Another feature of systemic autoimmune diseases is the expansion of myeloid-derived suppressor cells (MDSCs), as shown by their abnormal accumulation in the spleens of murine models and in the peripheral blood of patients (19–23). MDSCs are a heterogeneous population of immature cells derived from myeloid progenitors, with potent immune regulatory activity (24, 25). They were first phenotypically identified in tumor-bearing mice by their expression of CD11b and Gr-1, but knowledge of their presence has been extended to other pathologic conditions including chronic inflammatory disorders. Murine MDSCs are subdivided into CD11b⁺Gr-1^hiLy6G⁺Ly6C^lo granulocytic or polymorphonuclear MDSCs (G- or PMN-MDSCs) and CD11b⁺Gr-1^loLy6G⁻Ly6C^hi monocytic MDSCs (M-MDSCs). Although these phenotypes are also typical of neutrophils and monocytes, the functional features of MDSCs allow them to be distinguished from former (26, 27).

Many studies, mostly using tumor-bearing models, suggest that MDSCs accumulate via the same differentiation pathways in the BM as neutrophils and monocytes. Instead of differentiating into mature neutrophils and monocytes as they do during classical myelopoiesis, under the chronic inflammatory conditions of cancer, immature myeloid cells increase abnormally, are converted to MDSCs, and migrate to inflamed sites where they carry out their immunosuppressive activities (24). This abnormal process is known to be driven by two groups of interconnected signals (24, 28). The first group is important for expansion and mediated by myelopoietic factors, such as GM-CSF, G-CSF, M-CSF, and IL-6, and signals through STAT3, STAT5, IFN regulatory factor (IRF)-8, CCAAT/enhancer-binding protein (C/EBP)-β, and NOTCH. The second responsible for pathologic activation of MDSCs is triggered by proinflammatory cytokines, such as IFN-γ, IL-1β, IL-4, IL-6, IL-13, and TNF, and signals through NF-κB, STAT1, STAT3, and STAT6. However, it is unclear where the splenic MDSCs in autoimmune subjects originate and what factors contribute to their accumulation.

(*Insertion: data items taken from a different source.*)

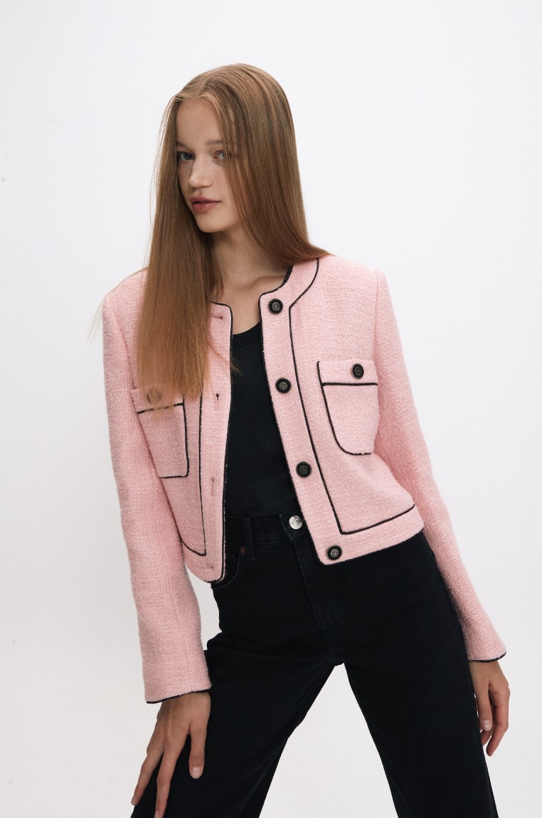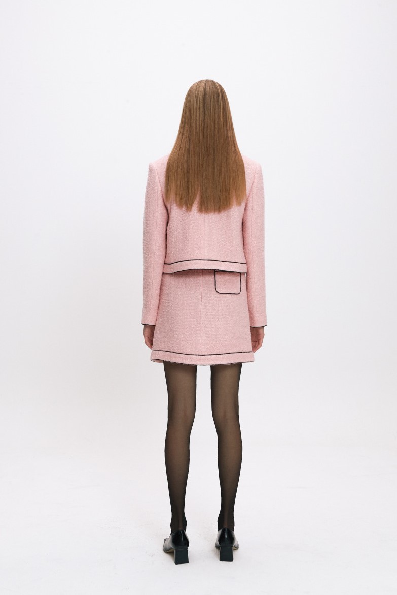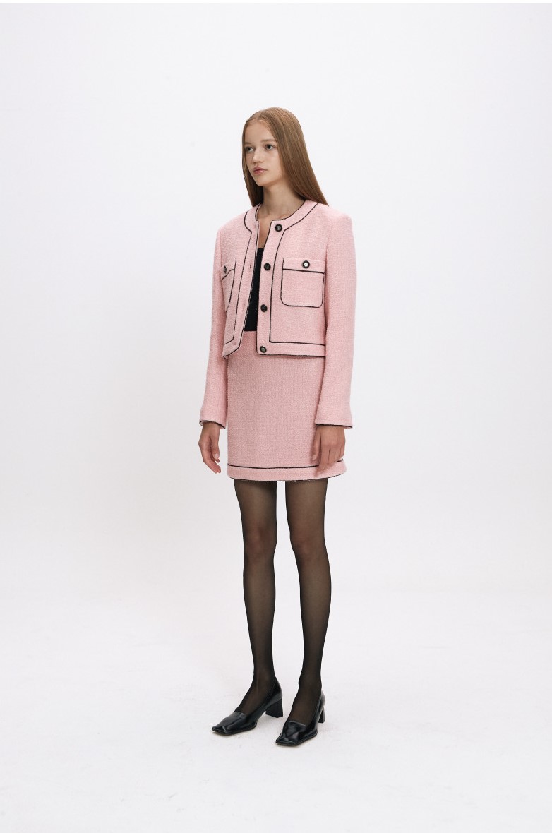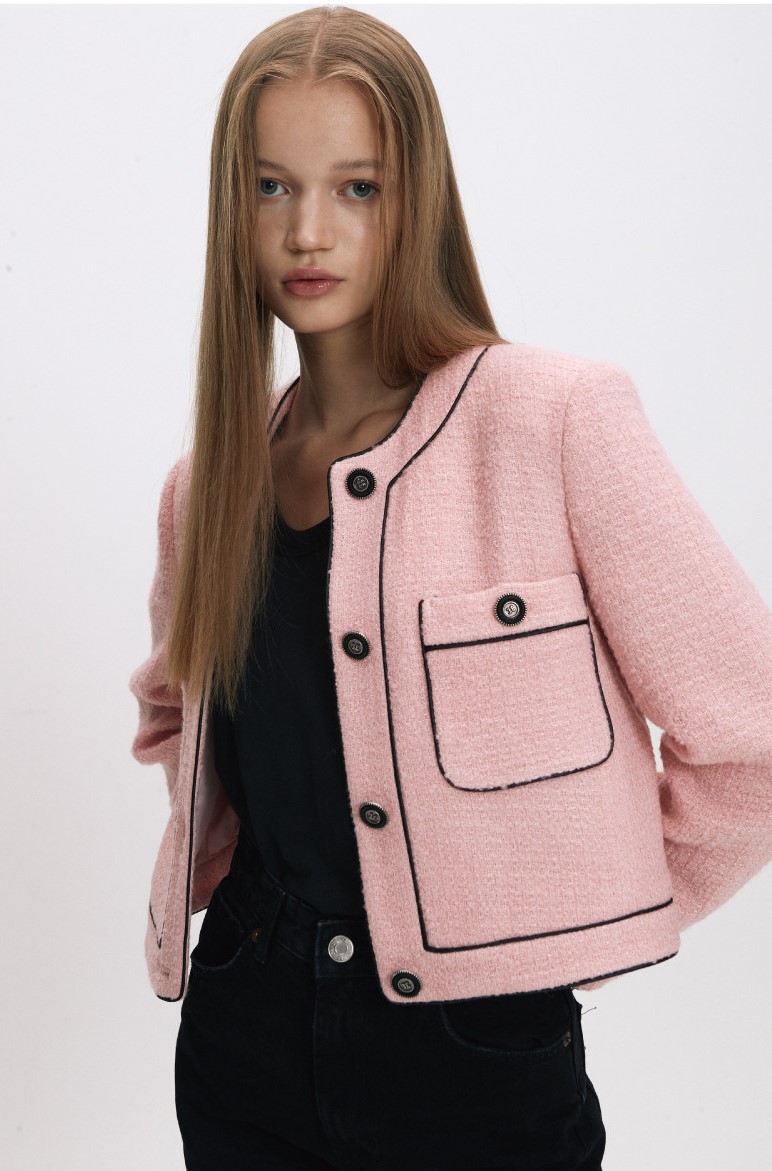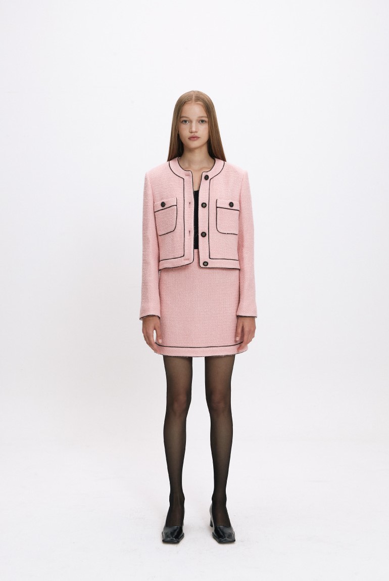 jen tweed 시리즈의 FW버전으로 초겨울까지 착용 가능한 보온성이 더해진 울 소재이며 셑로 코디하거나 단독으로 연출하여 스타일링 가능한 데일리 트위드 자켓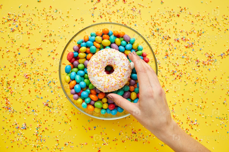 Вид сверху неузнаваемой женщины, протягивающей руку, чтобы взять сладкий пончик из миски с конфетами, желтый фон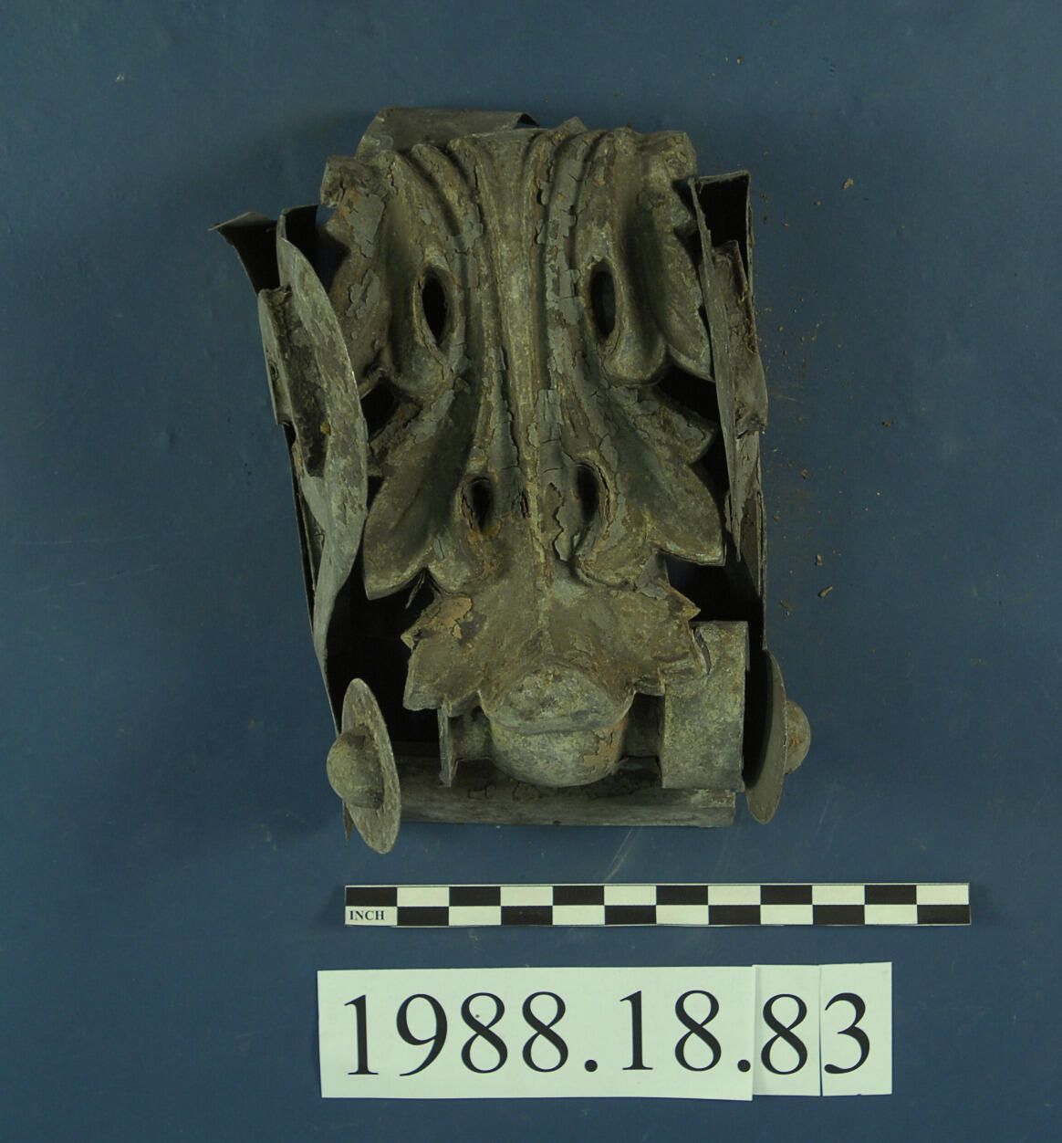 Composite bracket. Cast zinc. Acanthus Ornament on front. Turned half-reel below. Body of bracket of sheet metal including scrolled sides and curved backing strips. Originally soldered together. Now disassembled. Has remnants of paint. Exterior building component. Composed of six pieces.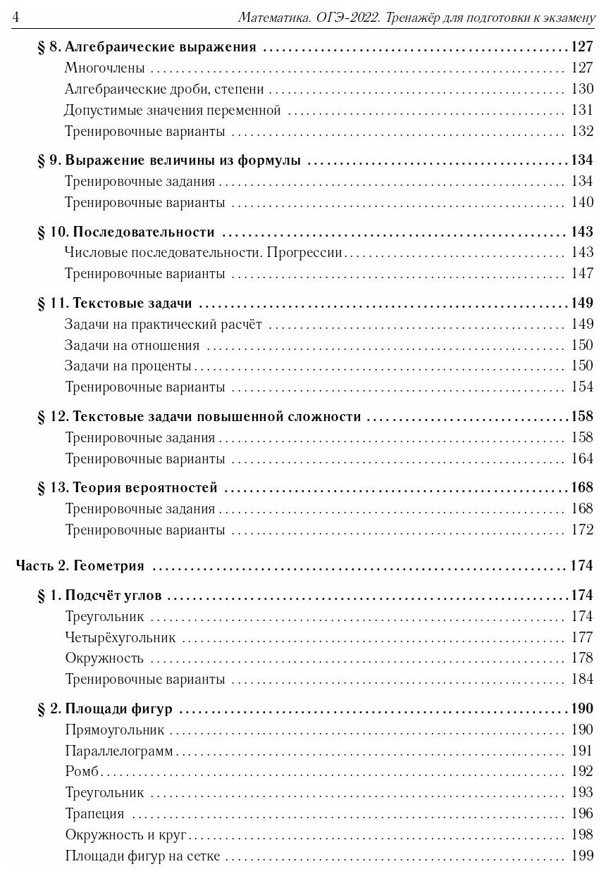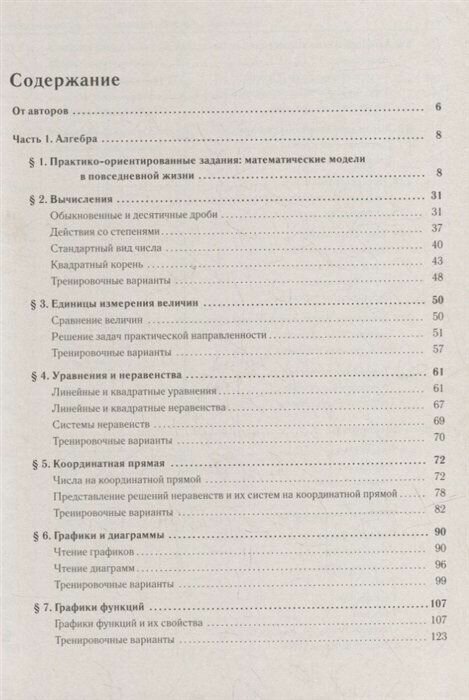 Задания пособия сгруппированы по следующим разделам школьной программы: "Задачи практической направленности", "Числа", "Буквенные выражения", "Преобразование выражений", " Уравнения", "Неравенства", "Функции и графики", "Последовательности и прогрессии", "Элементы теории вероятностей и статистика", "Текстовые задачи", "Планиметрия".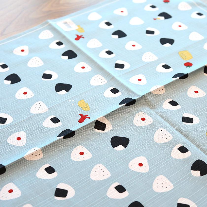 海苔、ごま、梅干しに天むす。日本の代表的なおにぎりがズラリと並んだ楽しい小風呂敷です。

Although it was well-documented that MDSCs interfere with anti-tumor immunity by suppressing the proliferation of T cells, less is known about their role in autoimmune diseases. MDSCs have been found to attenuate disease severity in some studies with murine models and patients (19, 29–31), whereas others have reported a role of MDSCs in disease progression (21, 22, 32). At the cellular level, it is generally agreed that MDSCs target CD4⁺ T cells and suppress their proliferation and differentiation to Th1 and Tfh cells (20, 30, 32–34), although the effects of MDSCs on polarization toward Th17 cells is controversial (21, 22, 30, 32). Apart from the actions on T cells, MDSCs also interact with B cells to inhibit or, alternatively, promote the activation and differentiation of B cells into PCs (20, 31, 35–37). Despite many studies dealing with the multifaceted effects of MDSCs on T and B cells, there are no reports of crosstalk between MDSCs and PCs, which is plausible in the light of their close proximity in the autoimmune spleen. Therefore, the role of MDSCs in autoimmunity, especially as regards the development and survival of PCs, remains to be further clarified.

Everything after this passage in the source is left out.